• [DATA PROVIDED]:
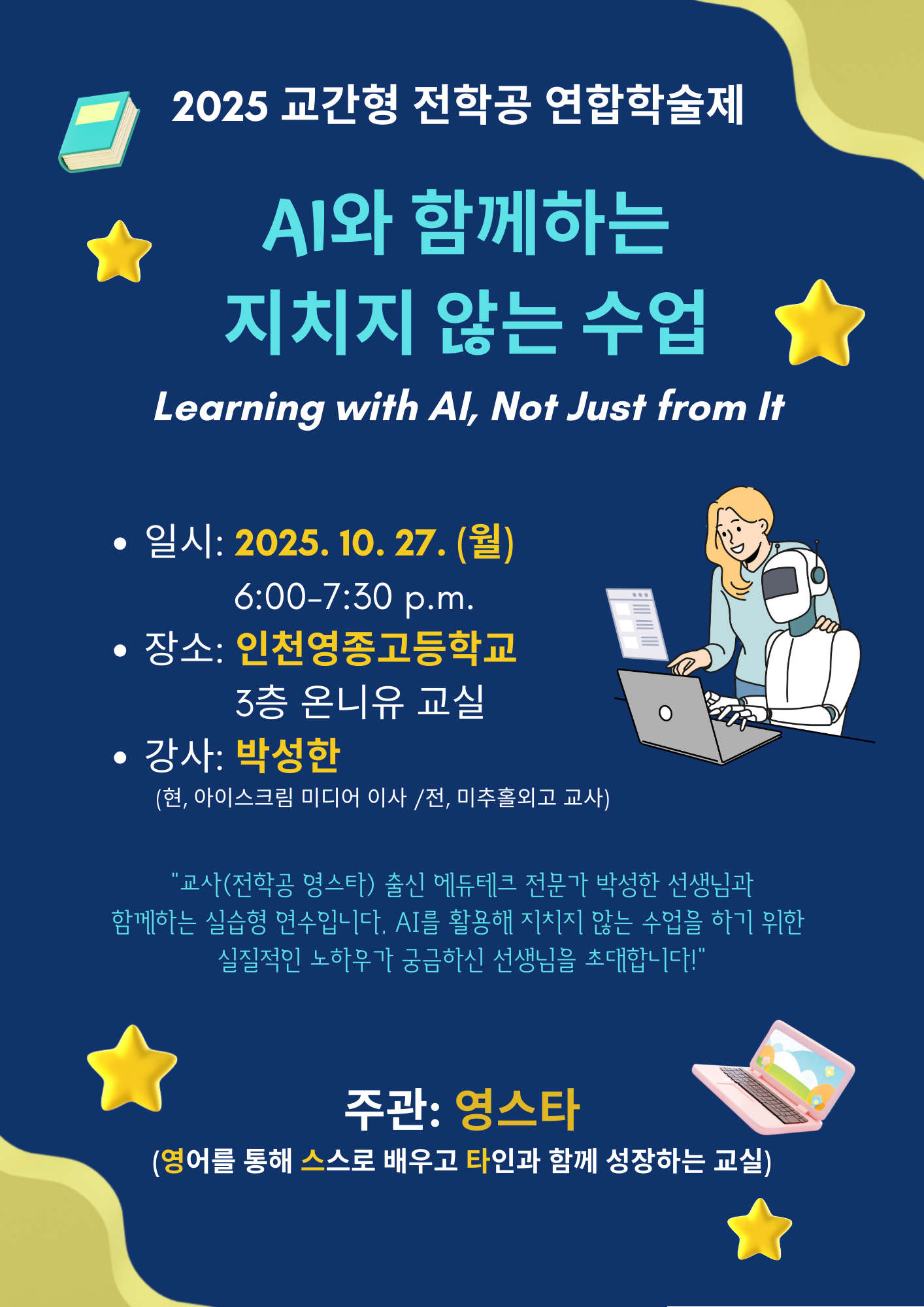 교과교육연구(회)형 AI・디지털교육/에듀테크 중구 AI와 함께하는 지치지 않는 수업 공동체명영스타(영어를 통해 스스로 배우고 타인과 함께 성장하는 교실) 일시2025년 10월 27일 18:00 - 19:30 장소인천영종고 OnlyYou(온니유) 교실 좌석11석 / 15석 나눔방법공개연수(대면) 담당자인천영종고 홍경아 신청기간 마감 목록보기
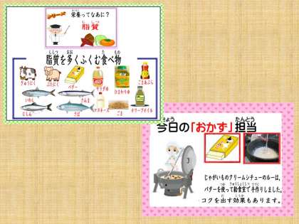 「ひじきのソテーのコーンがすこしシャキシャキでおいしかったよ。また 作ってね。じゃがいものクリームシチューのじゃがいもがフワフワしていておいしかったよ。また,作ってね。」・・・2の1
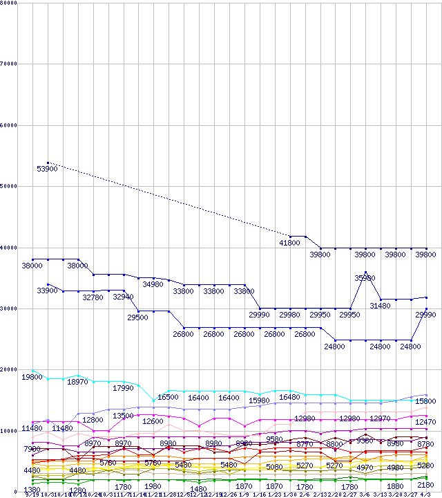 メモリ主要製品の最安値推移↑前グラフ↓次グラフ(2009年9月19日〜2010年4月3日)※このグラフは過去のデータも税率5%相当に調整した税込み相当額のグラフです。 税率変更や、総額表示方式導入(2004年4月)の影響は除いています。凡例PC3-12800 4GB×2枚組みセットPC3-10600 4GB×2枚組みセットPC2-6400 4GB×2枚組みセットPC3-12800 2GB×3枚組みセットPC3-10600 4GBPC3-10600 2GB×3枚組みセットPC2-6400 4GBPC3-12800 2GB×2枚組みセットPC3-12800 1GB×3枚組みセットPC3-10600 2GB×2枚組みセットPC3-10600 1GB×3枚組みセットPC2-6400 2GB×2枚組みセットPC3-12800 1GB×2枚組みセットPC3-12800 2GBPC3-10600 1GB×2枚組みセットPC3-10600 2GBPC2-6400 1GB×2枚組みセットPC2-6400 2GBPC3-12800 1GBPC3-10600 1GBPC2-6400 1GB※製品名をクリックすると個別のグラフを表示します※点線部は販売店が確認できなかった、または調査データがないことを示します

• [PROBLEM REQUIREMENTS]:
With images omitted, output the data exactly as given.

• [RESPONSE]:
 교과교육연구(회)형 AI・디지털교육/에듀테크 중구 AI와 함께하는 지치지 않는 수업 공동체명영스타(영어를 통해 스스로 배우고 타인과 함께 성장하는 교실) 일시2025년 10월 27일 18:00 - 19:30 장소인천영종고 OnlyYou(온니유) 교실 좌석11석 / 15석 나눔방법공개연수(대면) 담당자인천영종고 홍경아 신청기간 마감 목록보기
 「ひじきのソテーのコーンがすこしシャキシャキでおいしかったよ。また 作ってね。じゃがいものクリームシチューのじゃがいもがフワフワしていておいしかったよ。また,作ってね。」・・・2の1
 メモリ主要製品の最安値推移↑前グラフ↓次グラフ(2009年9月19日〜2010年4月3日)※このグラフは過去のデータも税率5%相当に調整した税込み相当額のグラフです。 税率変更や、総額表示方式導入(2004年4月)の影響は除いています。凡例PC3-12800 4GB×2枚組みセットPC3-10600 4GB×2枚組みセットPC2-6400 4GB×2枚組みセットPC3-12800 2GB×3枚組みセットPC3-10600 4GBPC3-10600 2GB×3枚組みセットPC2-6400 4GBPC3-12800 2GB×2枚組みセットPC3-12800 1GB×3枚組みセットPC3-10600 2GB×2枚組みセットPC3-10600 1GB×3枚組みセットPC2-6400 2GB×2枚組みセットPC3-12800 1GB×2枚組みセットPC3-12800 2GBPC3-10600 1GB×2枚組みセットPC3-10600 2GBPC2-6400 1GB×2枚組みセットPC2-6400 2GBPC3-12800 1GBPC3-10600 1GBPC2-6400 1GB※製品名をクリックすると個別のグラフを表示します※点線部は販売店が確認できなかった、または調査データがないことを示します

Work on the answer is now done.